In a December 2022 column in Policy Options, “Canada needs a royal commission to fix problems with the federal public service,” Kathryn May conveyed Donald Savoie’s reluctant call for a royal commission to explore the state of the Canadian public service and its future direction. Many different reasons were highlighted. The public service is overloaded, relying on slow and outdated processes. There has been rapid growth after COVID and yet – despite an arguably quick pivot to implement government policies – it has been slow to handle the demand for essential services. It also seems incapable of responding in a timely manner to access-to-information requests despite politicians’ trumpeting of “open government.”
We could also add that there are long-held concerns about top public servants being too responsive to the government of the day, along with central agencies micro-managing and contributing to the centralization of power in the Prime Minister’s Office. There have been concerns about declining or insufficient skills or resources, and over-reliance on consultants and human resource practices that have led to a risk-averse culture.

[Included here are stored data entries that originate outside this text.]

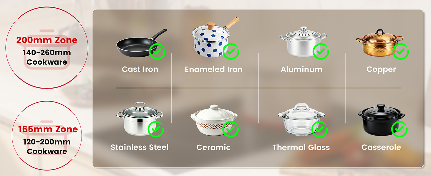 Wide Cookware Compatibility & Quiet Operation – Unlike induction hobs, this ceramic hob works with almost all cookware—iron, stainless steel, copper, aluminum, glass, and ceramic pans. It heats quietly without fan noise, creating a calm kitchen environment.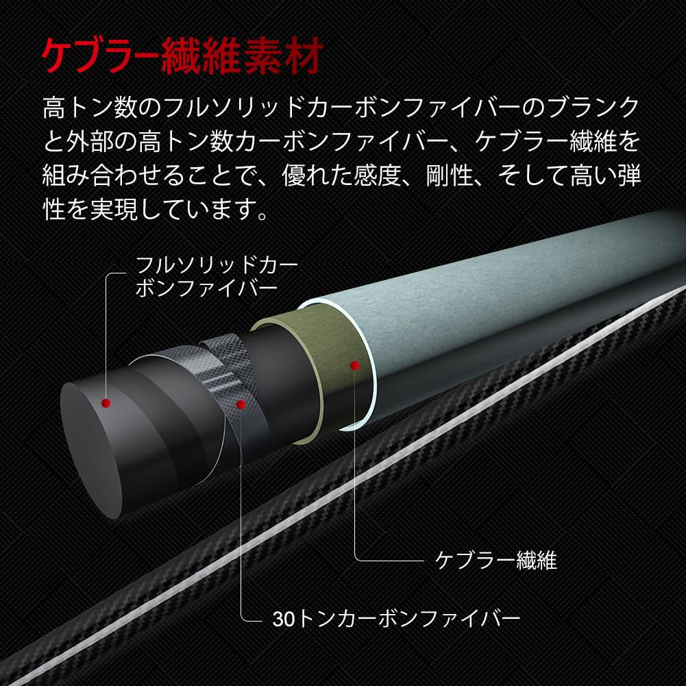 材料:炭素繊維はクロス巻いて高い重さが受けられる、SICガイド.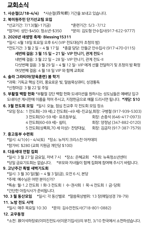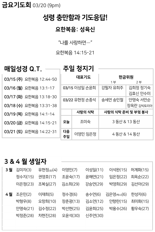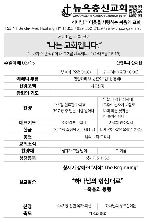 뉴욕충신교회 > 주보 > 3월 15일 주일예배 주보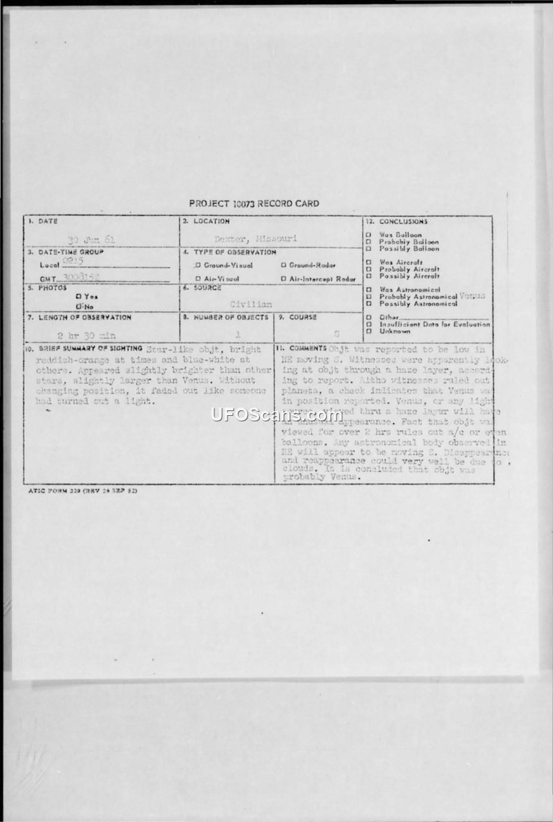 A civilian reported a star-like object in Dexter, Missouri, on June 30, 1961. The Air Force investigated the report and concluded the object was likely the planet Venus viewed through atmospheric haze.

These issues are concerning and deserve attention, but a royal commission would not be a productive way to resolve them. Instead, implementing a review process that’s designed correctly from the beginning is important. That means striking a balance between the political side and the department leadership, regional representatives and public servants, aided by some external perspective. Perhaps most importantly, the first phase needs to be taking stock of the changes that have occurred since the pandemic especially, and understanding the motivations for change while assessing gaps in capabilities and opportunities for reform.
Why the lack of enthusiasm for a comprehensive review?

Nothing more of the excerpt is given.